# Carlos's Navy hedgedad



## SaltAndExtraPepper (Mar 4, 2011)

My fiance left for his six-month deployment early this morning. It's been a long day, but it feels easier so far than the other times he's had to leave. I think it's a mix of me getting used to it, knowing approximately when he'll be home, knowing it's not as long as other times, and the fact that this time around we've got a couple of really close friends for me to pass the time with. Oh and the engagement excitement haha, that's always a pick-me-up I s'pose!

Among other emotions, I was saddened that he did not say goodbye to Carlos this morning because A) we were running late for the airport and B) Carlos was sleeping when we left and Alex doesn't like waking him.

But, when things settle down and we get a routine, I'll make sure he visits Carlos via video chats 

Do any other hedgemoms or hedgedads here have military spouses or friends? I'm sure there are. Oh and I have great new pics of Carlos to add to my thread on the Fun section, but I can't figure out how to get them off of my new phone  I feel like I've tried everything! :lol: but I'm working on it. I love these forums and the people on it, it strengthens me to be part of a community with such a bright and fun passion.


----------



## Rainy (Jul 27, 2011)

Please tell Carlos's hedgedad that Harvey, Izzy and I say thanks for serving our country. 

My bestfriend's husband just returned from Kuait (sp?) last week. It was a wonderful moment to see him get off the bus in Lansing....permanently. He just retired after 28 years of service. But I can tell you that it was so difficult for my friend. She's not one to ask for help either, so I had to pay attention to signals that told me she might need help and just do it. So, I guess what I'm saying is that even really good friends can get caught up in their own lives and not be able to see that you're struggling. Do not be afraid to ask for help. Sometimes people don't know what to do for you until you tell them. If you have really good friends, then lean on them as much as you can. This is a time where you'll be more supsceptable to depression and anxiety. Don't be afraid to get help for those either. It doesn't mean that you are crazy, it just means that you need someone impartial to talk to about your feelings. It's okay to reach out to others. If you want to talk, you can pm me any time. HUGS. Hang in there.

If you and the hedgedad are married, you can also take advanatage of the health care package that the military offers to get counseling for yourself, if needed. 

Just some thoughts. You don't have to go through this alone. HUGS. <3


----------



## SaltAndExtraPepper (Mar 4, 2011)

Awh thanks Rainy! I will inform him of your thanks when I next get in contact with him. (It seems he hasn't got access to internet yet, but when he does we can use our new phones and a wifi connection to talk for free!  )
And that is cool about your friends husband being home for good, a hearty congratulations to them. 28 years is a long time!
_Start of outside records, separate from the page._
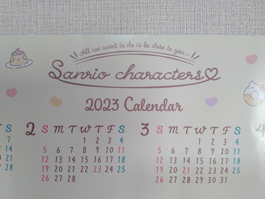 カレンダー上部中央の「Sanrio characters 2023 Calendar」というロゴもおしゃれです。全体的に見ごたえたっぷりのポスターカレンダーです。
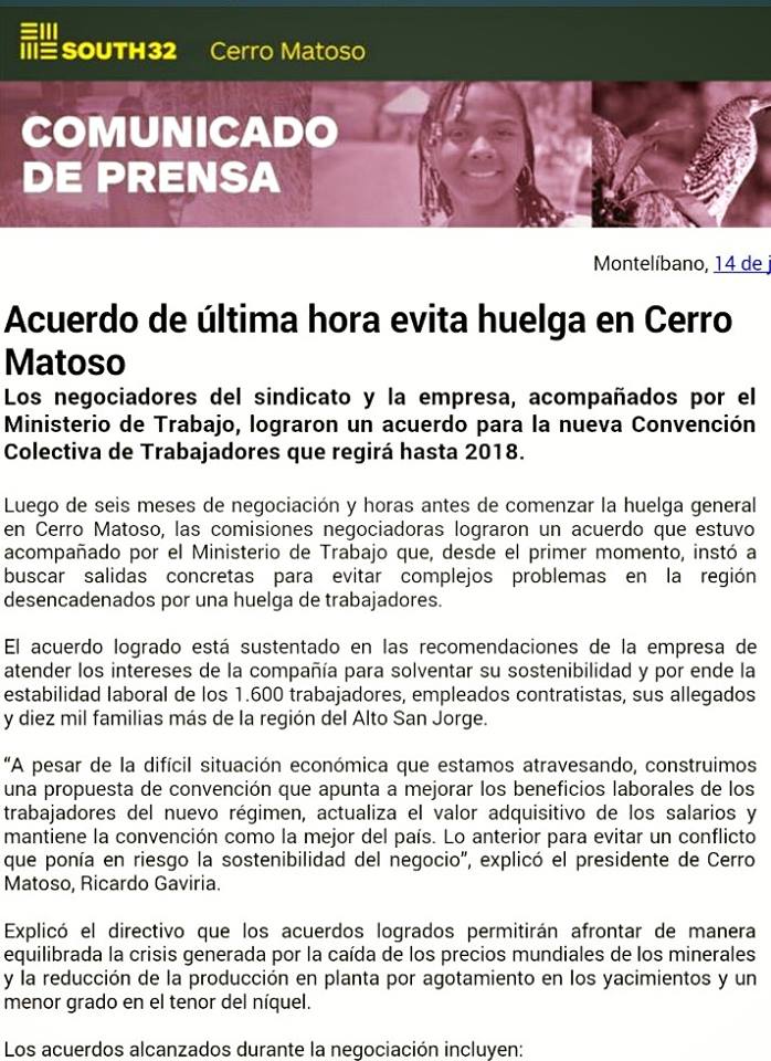 En el día de ayer en horas de la noche, cuando se acercaba el final del tiempo para la firma de la convención colectiva entre la empresa Cerro Matoso y la organización sindical Sintracerromatoso, las comisiones negociadoras con la intervención del ministerio de Trabajo, llegaron a un acuerdo logrando de esta manera evitar la huelga que estaba a punto de iniciar.
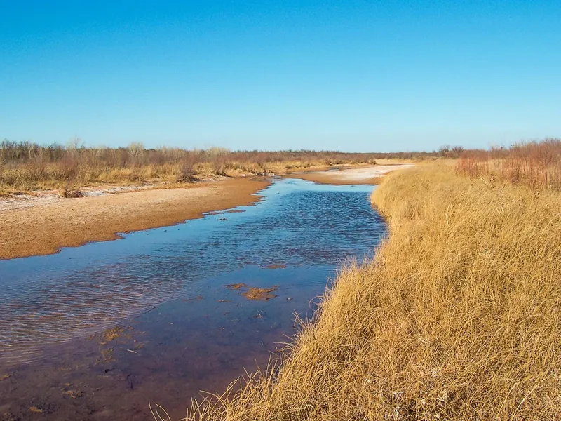 Brush cover is generally provided by mesquite with hackberry trees being scattered throughout the ranch, as well as some willow and elm thickets. Cottonwood trees grow along the banks of the river.
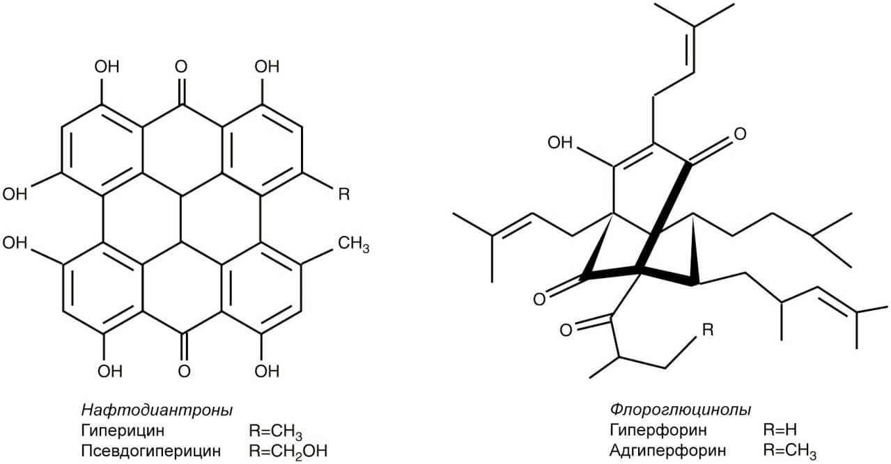 Экстракты зверобоя применяются в медицине многие века и уже давно доказали свою эффективность в многочисленных современных исследованиях. Экстракт зверобоя содержит минимум 10 биологически активных веществ. К ним относятся феноловые кислоты (хлорогеновая кислота), флаваноиды (кверцетин, кверцитрин, изокверцитрин, рутин, гиперозид, эпигенанин), производные флороглюцинола (гиперфорин, адгиперфорин) и нафтодиантроны (гиперицин, псевдогиперицин) (рис. 1).
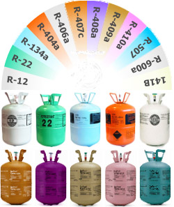 В бытовом и промышленном оборудовании используются хладагенты разных марок. Наиболее безопасными являются фторуглероды и гидрохлорфторуглероды (марки R134А, R407C и R410A).
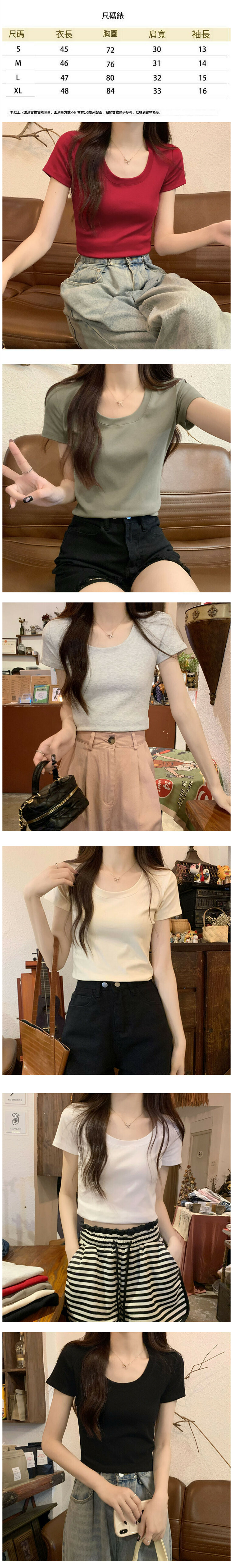 熱賣小U領鎖骨短款T恤【軍綠色】【S-XL碼】(下單後請聯絡客服確認發貨尺碼)
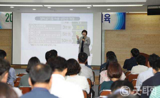 이날 교육은 어울림교육개발원 배정애 원장을 초청해 조직의 승패는 청렴이다라는 주제로 공익신고제도, 공무원행동강령과 청탁금지법 등과 관련한 사례 위주로 교육함으로 참석자들의 이해를 높이고 부정부패에 대한 경각심을 고취시켰다 .
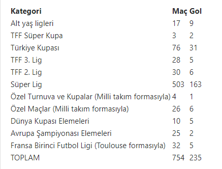 Milli futbolcu, futbol kariyerine başladığından bu yana 503'ü Süper Lig, 32'si Fransa Birinci Futbol Ligi (Ligue 1), 25'i Avrupa Şampiyonası Elemeleri (Ümit Milli Takım maçları da dahil), 10'u da Dünya Kupası Elemeleri olmak üzere toplam 754 kez forma şansı buldu.
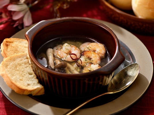 プリプリの海老の食感とニンニクの芳ばしい香りのハーモニーがたまらない!スペイングルメの中でも絶大な人気を誇る『海老のアヒージョ』。
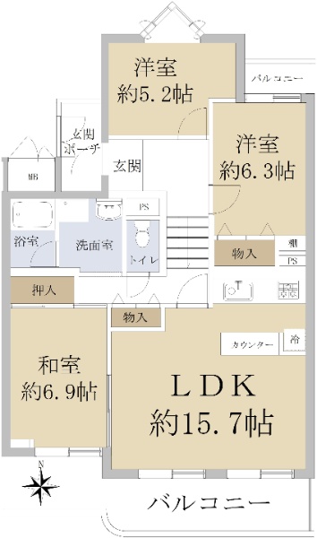 ■3方向角部屋 ■南向きバルコニー ■階下に住戸なし ■専有面積:73.17u
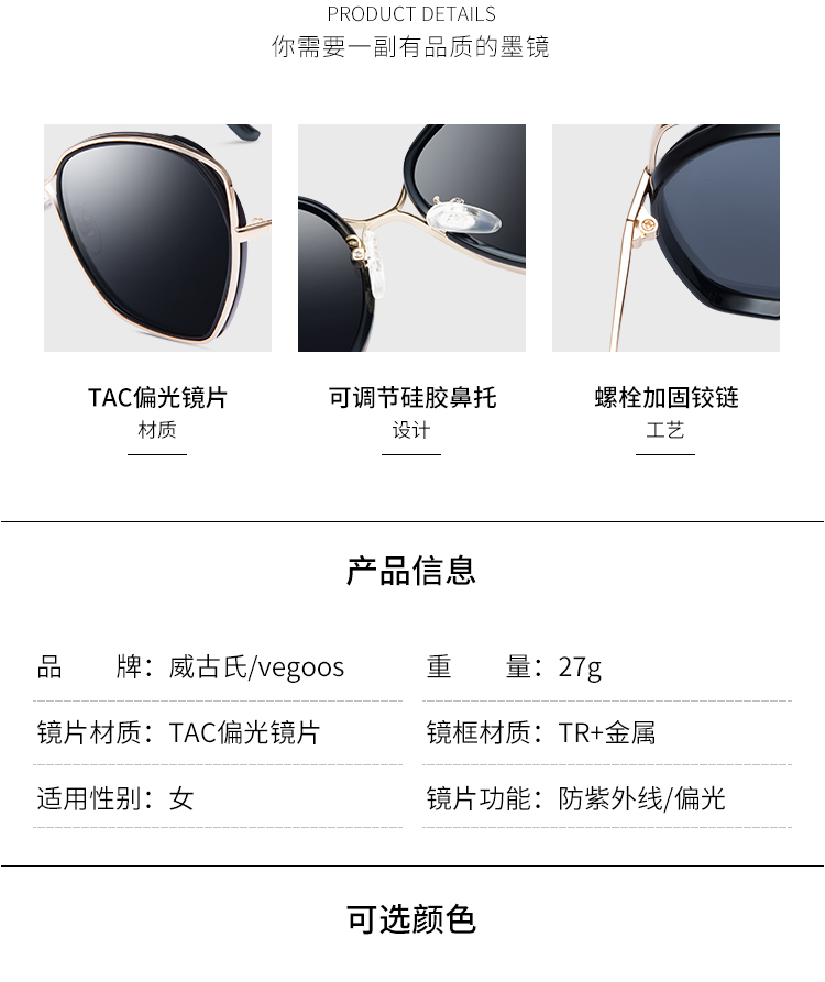 这款墨镜的框架,是比较时尚潮流的,一戴上妥妥的女神范就出来了,摩登时尚精心设计,大大的镜框可以很好的修饰脸型。
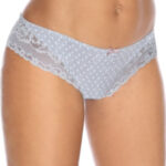 Kuszące i ponętnie prześwitujące figi w całości wykonane z delikatnej białej koronki. Seksownie otulają kobiece wdzięki. Klinek bawełniany.
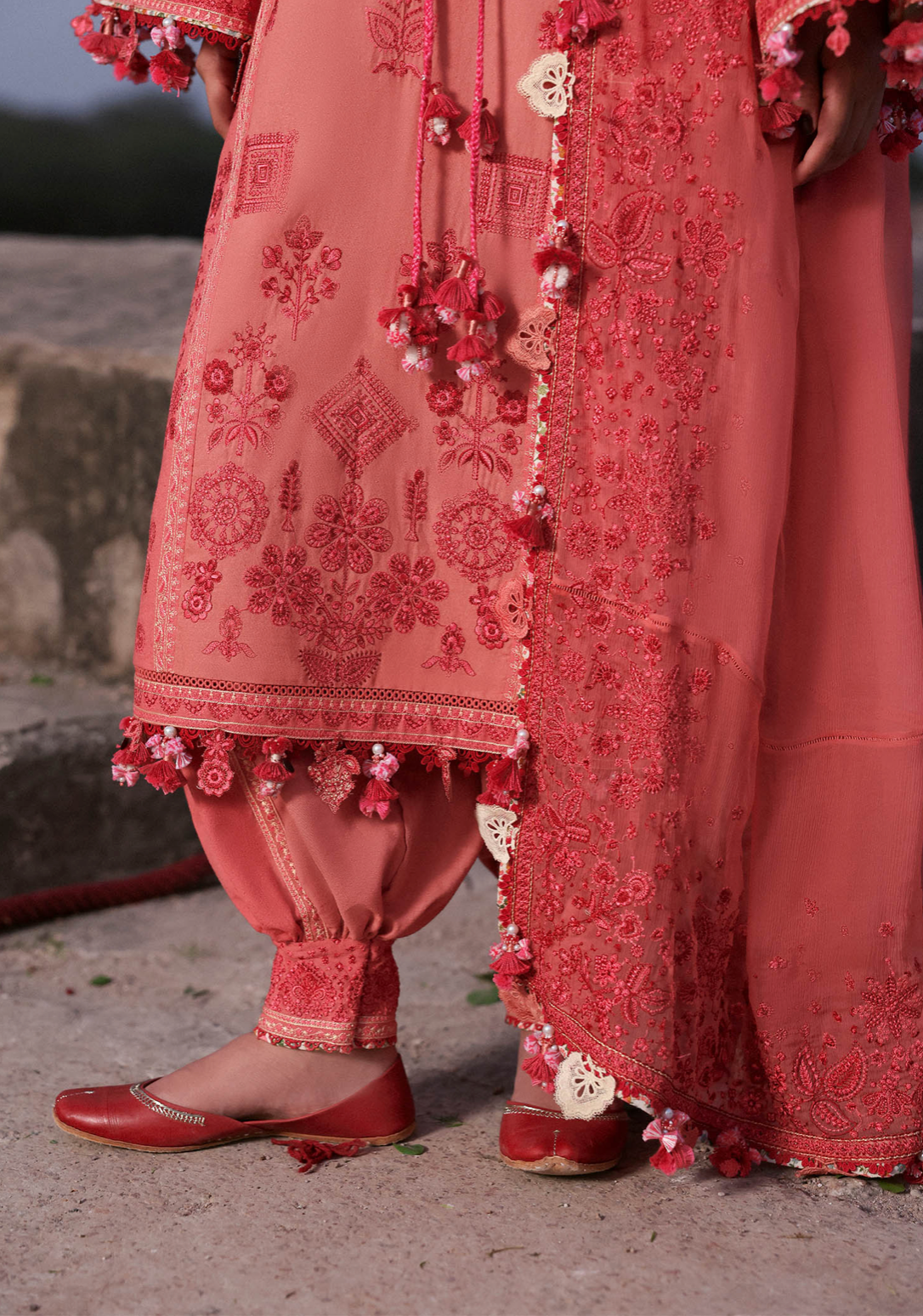 A vision of subtle sophistication, this unstitched ensemble presents a stunning two-toned pink design, elevating the classic karandi silhouette. The shirt features a light pink center panel beautifully contrasted by dark pink side panels, a theme mirrored in the dual-toned sleeves. This piece is exquisitely detailed with delicate embroidery. Complementing the outfit is a luxurious dark pink embroidered chiffon dupatta. The look is flawlessly completed by a two-toned pink shalwar enhanced with tasteful embroidery details, crafting a design that exudes effortless grace
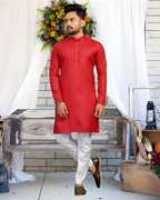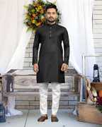 This matching set features a classic straight-cut kurta paired with a well-fitted pyjama, making it the perfect outfit for festivals, weddings, family functions, or casual traditional days. Designed with attention to detail, the kurta showcases a clean, elegant look suitable for all age groups, while the pyjama adds a comfortable and polished finish.
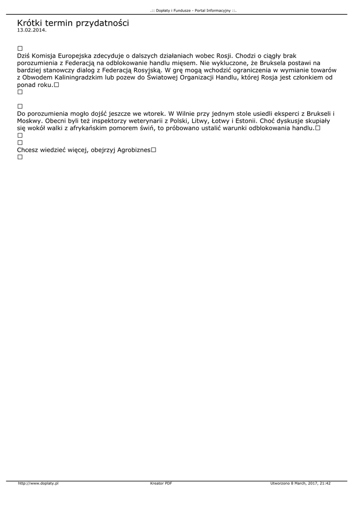 .:: Dopłaty i Fundusze - Portal Informacyjny ::. Krótki termin przydatności 13.02.2014. Dziś Komisja Europejska zdecyduje o dalszych działaniach wobec Rosji. Chodzi o ciągły brak porozumienia z Federacją na odblokowanie handlu mięsem. Nie wykluczone, że Bruksela postawi na bardziej stanowczy dialog z Federacją Rosyjską. W grę mogą wchodzić ograniczenia w wymianie towarów z Obwodem Kaliningradzkim lub pozew do Światowej Organizacji Handlu, której Rosja jest członkiem od ponad roku. Do porozumienia mogło dojść jeszcze we wtorek. W Wilnie przy jednym stole usiedli eksperci z Brukseli i Moskwy. Obecni byli też inspektorzy weterynarii z Polski, Litwy, Łotwy i Estonii. Choć dyskusje skupiały się wokół walki z afrykańskim pomorem świń, to próbowano ustalić warunki odblokowania handlu. Chcesz wiedzieć więcej, obejrzyj Agrobiznes http://www.doplaty.pl Kreator PDF Utworzono 8 March, 2017, 21:42
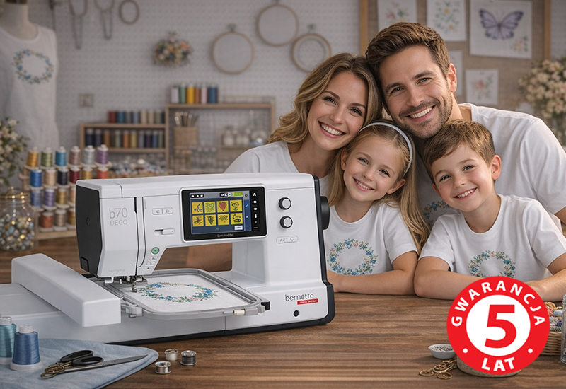Wyobraź sobie, że w kilka chwil zamieniasz zwykłą bluzę w unikat, ręcznik w elegancki prezent, a metkę „handmade” w znak rozpoznawczy Twojej marki. Bernette B70 Deco to hafciarka stworzona dla osób, które chcą tworzyć efektowne hafty szybko, wygodnie i z pewnością, że każdy detal będzie dopracowany. Solidna, intuicyjna i gotowa na intensywniejsze użytkowanie – po prostu sprzęt, który realnie ułatwia pracę i podnosi jakość efektu końcowego.

At least, it is from my perspective hahaha, oh and Kuwait was one of the stopovers my fiance made yesterday!

From what you said, I sort of get where your friend was coming from..or at least, I can relate it to myself! One of my biggest issues this time around was that our best friends are a couple, and we'd always hang out as a group of 4, (or 6 when our other bestfriends joined us...who are also a couple :lol: ) and I felt like I'd be a third or fifth wheel if my guy wasn't with me.  Now I feel silly for ever thinking that! We all had a big, touching talk the night before he left and I know that they're there for me and enjoy my company just as much as his.
And, hedgedad asked our very best friend to be his best man, and to look out for me. We are such an easygoing group of friends, it was very odd to suddenly have just a large dose of "drama" in one day! :lol:

But thank you for all that advice. To be perfectly honest, it was tempting to brush it off in an "Oh no, me? I'm fine, thanks but no thanks!" sorta way. Buuut I know myself better than that, so I will keep all of it in mind so hopefully I can be even stronger, for both of us (and for Carlos of course! Hedgehogs are supposedly every sensitive to the emotions of their handlers. Gotta keep my chin up for my little spiky man!) Thanks again Rainy, you're really sweet :mrgreen:


----------



## Rainy (Jul 27, 2011)

I'm sure I speak for everyone when I say all of us on the forum are here for you too. HUGS and hang in there.


----------



## DasIgelPoggie (Oct 21, 2010)

He's not my spouse.... yet... ... But he is my boyfriend of two and a half years. It is very, very difficult. Hang in there!! My Igel was actually a gift from my boyfriend as an "I'm sorry I'm stationed across the country for your birthday" gift :lol: We've been together through a deployment to Afghanistan, Iraq, and lots of training, and a new base-- I am on the west coast and he is on the east. I can't go with him yet because I have a year left in my degree and the credits don't transfer over. There is no fix-it to missing him. You're just going to. :/ BUT... There are always amazing support groups, like friends and family, to help you while he's gone... and HHC!  With all the support, and keeping yourself busy, time goes faster than you'd think it would (it's still hard, but, six months is not so bad!). Hang in there, and we're all here to support you!!


----------



## SaltAndExtraPepper (Mar 4, 2011)

Awwwh DasIgelPoggie that's so sweet! My guy and I have been together a little over two years now, too. Our first year together he was in middle America for training and school while I waited at the west. He also wanted to get me a hedgehog as a birthday present cause he was in bootcamp the year before :lol: both our men are so sweet hehehe!
But you are sooo right. Things are definitely different when he's gone, including how I feel, and there's not a whole lot to do about it except stay positive! But, as you said, six months ain't too bad, and the more I do to make each day go by, the faster it will seem to pass.  Thanks for your understanding, that helps a lot too along with all the other support I've been getting <3

And, kudos to you for keeping up with school! It takes a little extra willpower when there's something you really want so many miles away! I love the house I grew up in but still I'd love to go be with him, haha


----------